> Supplied material:
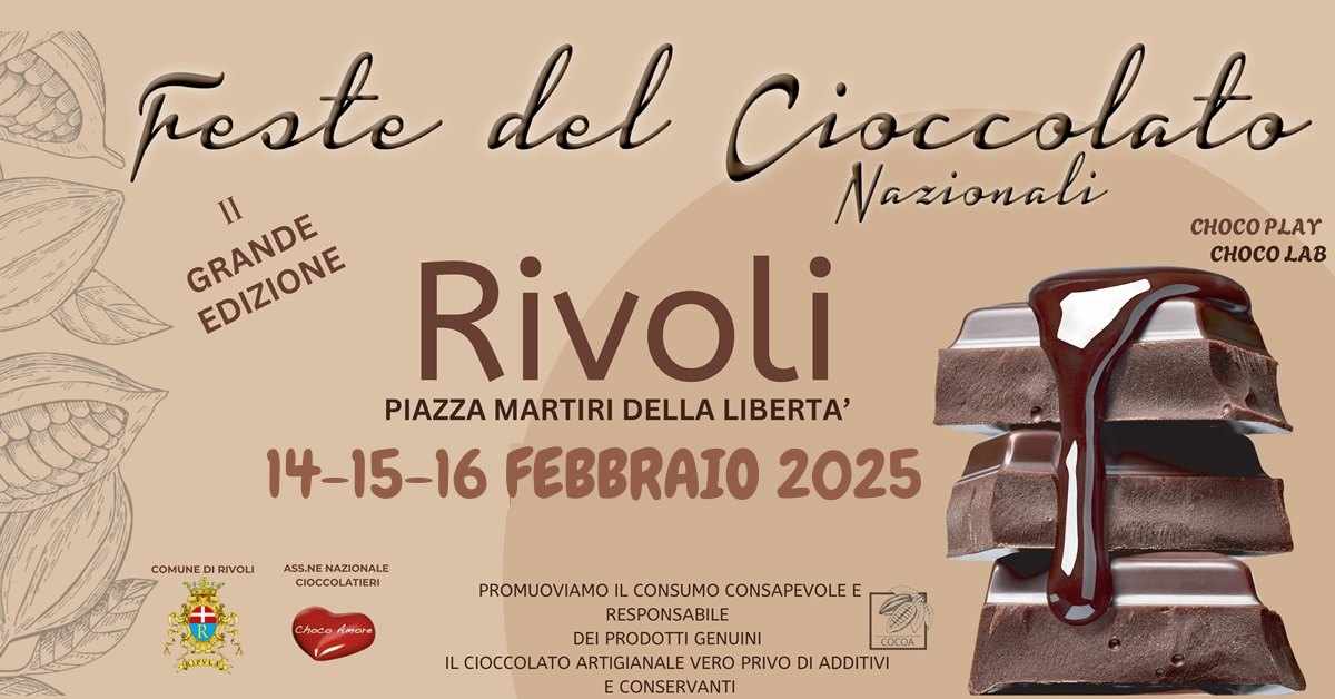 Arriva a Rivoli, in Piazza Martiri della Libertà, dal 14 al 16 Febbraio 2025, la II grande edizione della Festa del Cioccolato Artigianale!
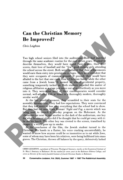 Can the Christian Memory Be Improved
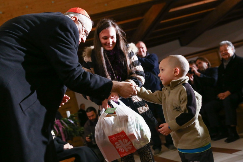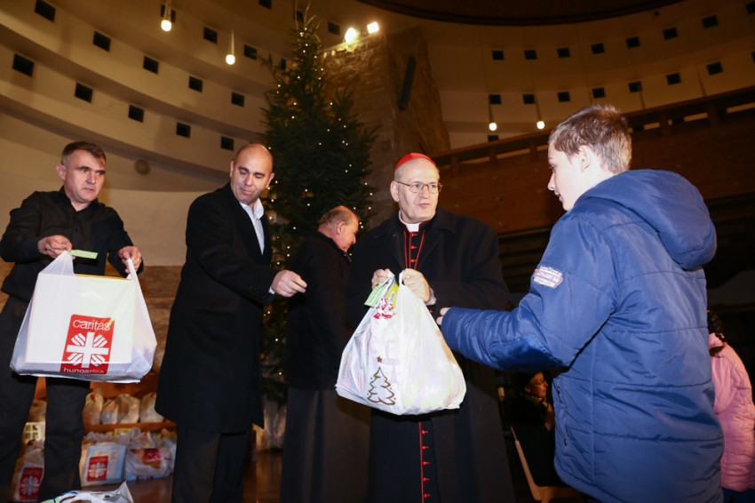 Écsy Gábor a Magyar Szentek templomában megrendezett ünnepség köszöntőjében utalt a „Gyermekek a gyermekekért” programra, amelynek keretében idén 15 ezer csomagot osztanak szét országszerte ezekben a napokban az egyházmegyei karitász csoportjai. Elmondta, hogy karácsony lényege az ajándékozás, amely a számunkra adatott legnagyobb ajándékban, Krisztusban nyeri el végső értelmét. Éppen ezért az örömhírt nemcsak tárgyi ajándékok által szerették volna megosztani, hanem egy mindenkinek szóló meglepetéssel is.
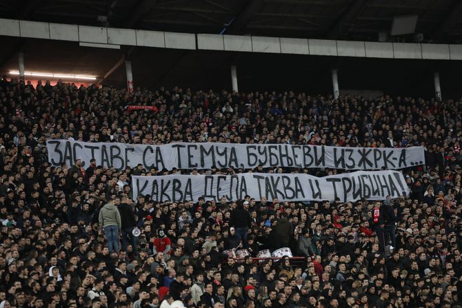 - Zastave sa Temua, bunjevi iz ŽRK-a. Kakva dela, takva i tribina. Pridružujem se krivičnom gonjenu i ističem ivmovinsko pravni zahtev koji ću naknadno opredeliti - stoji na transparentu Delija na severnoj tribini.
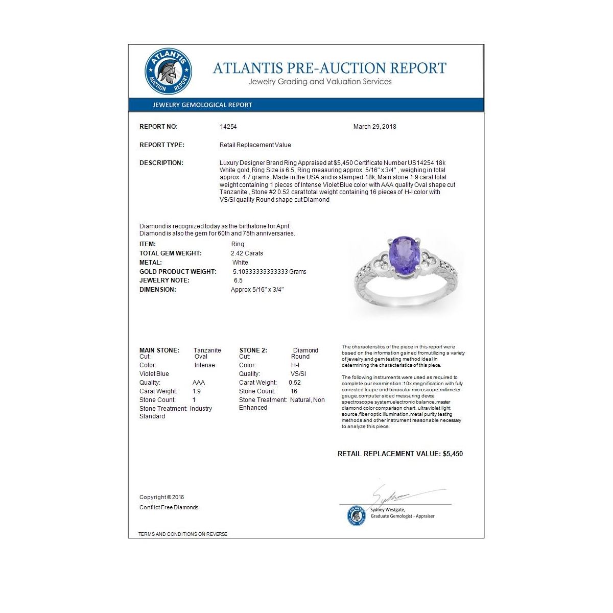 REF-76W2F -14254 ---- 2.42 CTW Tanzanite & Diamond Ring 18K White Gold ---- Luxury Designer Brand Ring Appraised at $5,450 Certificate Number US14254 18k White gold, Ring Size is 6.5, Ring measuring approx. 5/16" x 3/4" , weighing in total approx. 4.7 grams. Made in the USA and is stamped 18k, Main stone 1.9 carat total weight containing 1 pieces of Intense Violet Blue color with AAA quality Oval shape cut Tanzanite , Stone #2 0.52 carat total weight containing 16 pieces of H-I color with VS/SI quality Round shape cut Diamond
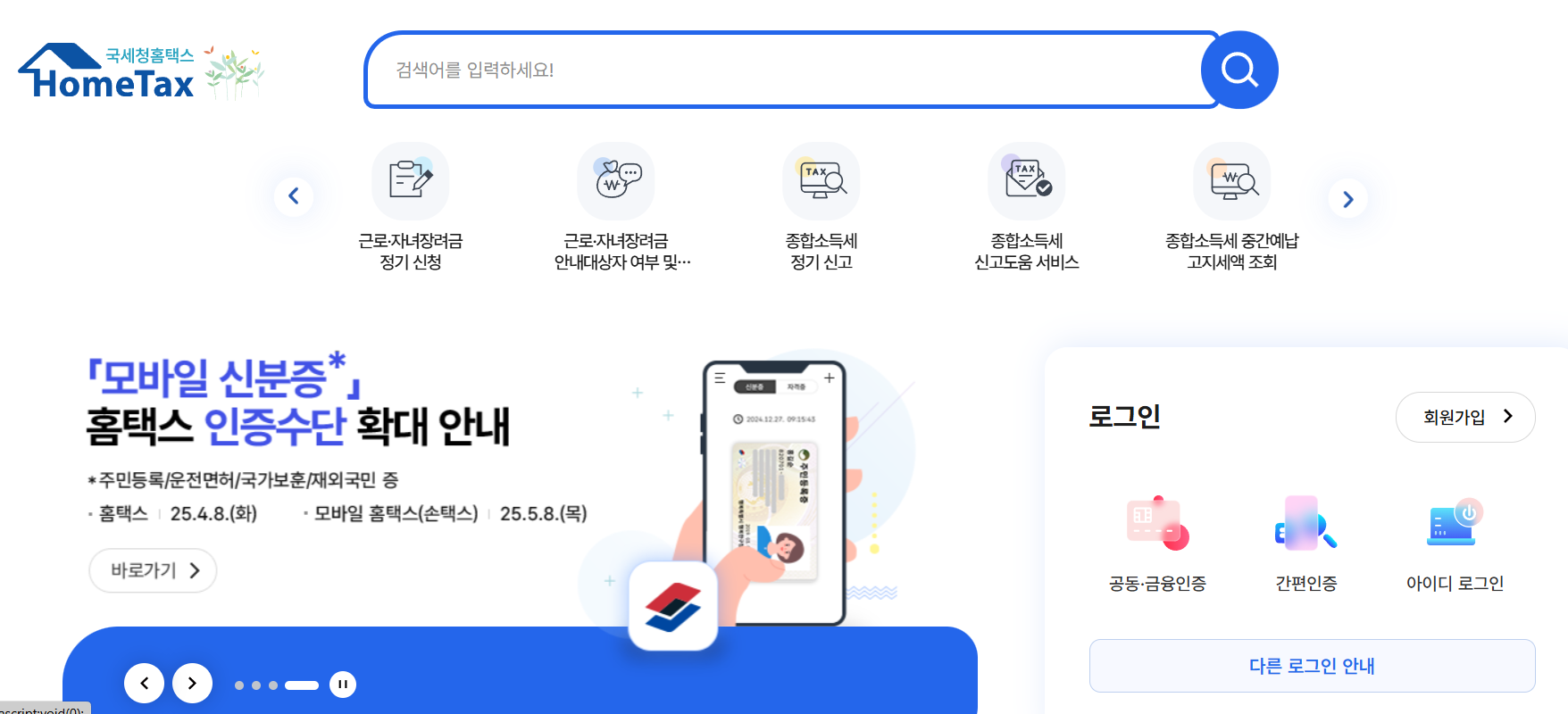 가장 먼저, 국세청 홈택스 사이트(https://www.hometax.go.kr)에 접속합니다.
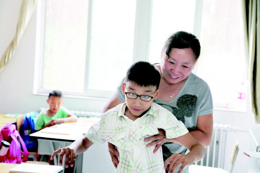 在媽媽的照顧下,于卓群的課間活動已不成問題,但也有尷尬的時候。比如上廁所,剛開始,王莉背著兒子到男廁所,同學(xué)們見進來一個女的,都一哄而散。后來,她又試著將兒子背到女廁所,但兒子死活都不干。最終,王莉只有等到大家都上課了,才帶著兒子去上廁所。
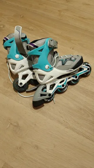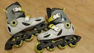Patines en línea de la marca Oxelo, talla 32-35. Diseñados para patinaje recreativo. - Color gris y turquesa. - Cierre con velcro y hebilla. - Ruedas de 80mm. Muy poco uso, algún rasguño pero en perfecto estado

> Task objective: Exact repetition is required for the lines from the first one in the listing through the one that holds "在媽媽的照顧下,于卓群的課間", and pictures are to be omitted.

> Solution to this task:
 Arriva a Rivoli, in Piazza Martiri della Libertà, dal 14 al 16 Febbraio 2025, la II grande edizione della Festa del Cioccolato Artigianale!
 Can the Christian Memory Be Improved
 Écsy Gábor a Magyar Szentek templomában megrendezett ünnepség köszöntőjében utalt a „Gyermekek a gyermekekért” programra, amelynek keretében idén 15 ezer csomagot osztanak szét országszerte ezekben a napokban az egyházmegyei karitász csoportjai. Elmondta, hogy karácsony lényege az ajándékozás, amely a számunkra adatott legnagyobb ajándékban, Krisztusban nyeri el végső értelmét. Éppen ezért az örömhírt nemcsak tárgyi ajándékok által szerették volna megosztani, hanem egy mindenkinek szóló meglepetéssel is.
 - Zastave sa Temua, bunjevi iz ŽRK-a. Kakva dela, takva i tribina. Pridružujem se krivičnom gonjenu i ističem ivmovinsko pravni zahtev koji ću naknadno opredeliti - stoji na transparentu Delija na severnoj tribini.
 REF-76W2F -14254 ---- 2.42 CTW Tanzanite & Diamond Ring 18K White Gold ---- Luxury Designer Brand Ring Appraised at $5,450 Certificate Number US14254 18k White gold, Ring Size is 6.5, Ring measuring approx. 5/16" x 3/4" , weighing in total approx. 4.7 grams. Made in the USA and is stamped 18k, Main stone 1.9 carat total weight containing 1 pieces of Intense Violet Blue color with AAA quality Oval shape cut Tanzanite , Stone #2 0.52 carat total weight containing 16 pieces of H-I color with VS/SI quality Round shape cut Diamond
 가장 먼저, 국세청 홈택스 사이트(https://www.hometax.go.kr)에 접속합니다.
 在媽媽的照顧下,于卓群的課間活動已不成問題,但也有尷尬的時候。比如上廁所,剛開始,王莉背著兒子到男廁所,同學(xué)們見進來一個女的,都一哄而散。后來,她又試著將兒子背到女廁所,但兒子死活都不干。最終,王莉只有等到大家都上課了,才帶著兒子去上廁所。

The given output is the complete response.